Medicare Advantage Program Grew Nine Percent in 2013

The Medicare Advantage (MA) program grew by nearly 1.4 million beneficiaries between 2013 and 2014, according to a Kaiser Family Foundation Issue Brief titled “Medicare Advantage 2014 Spotlight: Enrollment Market Update.” Although the Patient Protection and Affordable Care Act (ACA) (P.L. 111-148) enacted a number of measures to lower the historical overpayments to MA plans, raising concerns that MA plan enrollment would drop, enrollment actually increased nine percent to reach 15.7 million beneficiaries.

Enrollment Trends

According to the Issue Brief, 30 percent of Medicare beneficiaries nationwide are enrolled in MA plans, which is a 24 percent increase from 2010. However, the number of beneficiaries enrolled in such plans varies geographically. The brief noted that less than 10 percent of Medicare beneficiaries in six states were enrolled in MA plans, while 18 states had 30 percent or more beneficiaries enrolled in MA plans. Nevertheless, with the exception of Alaska and New Jersey, all states reported an increase in MA enrollment between 2013 and 2014. New Jersey demonstrated a 2 percent drop in MA enrollment, while Alaska did not have enough enrollees to report.

Between 2013 and 2014, the majority of growth in MA plan enrollment was seen in the individual market. However, retiree enrollment in the group employment-based market demonstrated a large increase, accounting for nearly one-third of MA enrollment growth seen over the course of the last year.

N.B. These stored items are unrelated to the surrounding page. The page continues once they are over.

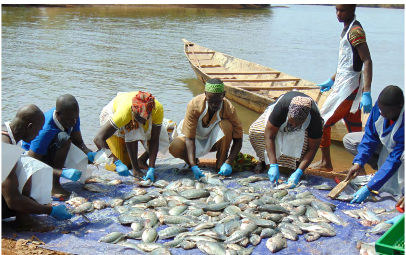
Fish farming proje

During 2020, Siguiri made positive progress, evidenced by ongoing positive dialogue and minimal business disruptions. This project, due to begin in 2021, is scheduled to have completed the ASM formalisation process and set up the necessary supporting interventions by the end of the first half of 2022. For more information on this, see pages 44 and 59 in the <SR>.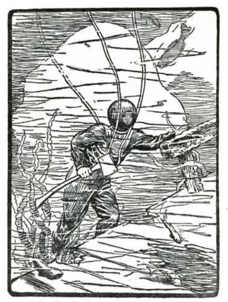
Before him he discovered the long sought hulk.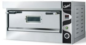
Caldo Single Wide Deck Warming Oven SPB/3

Premiums and Out-of-Pocket Costs

Between 2012 and 2014, there has been little change in average premium trends, with an average MA enrollee paying a monthly premium of roughly $35 in 2014. However, average out-of-pocket costs increased. MA enrollees that had plans with out-of-pocket cost limits over $5,000 nearly doubled over the last year, from 24 percent of enrollees to 44 percent. Consequently, enrollees with substantial medical needs may be exposed to higher costs.

A Look to the Future

The report noted that it is not clear how MA plans will change as far as offerings in the future, or the impact it will have on beneficiaries. “Thus far, there hasn’t been much of a change in the Medicare Advantage market, other than the increase in out-of-pocket limits and reports in the media that some insurers have scaled back provider networks,” the brief said. “Insurers will need to balance their interest in maintaining market share (and remain attractive to beneficiaries) against their ongoing interest in operating as profitably as possible.”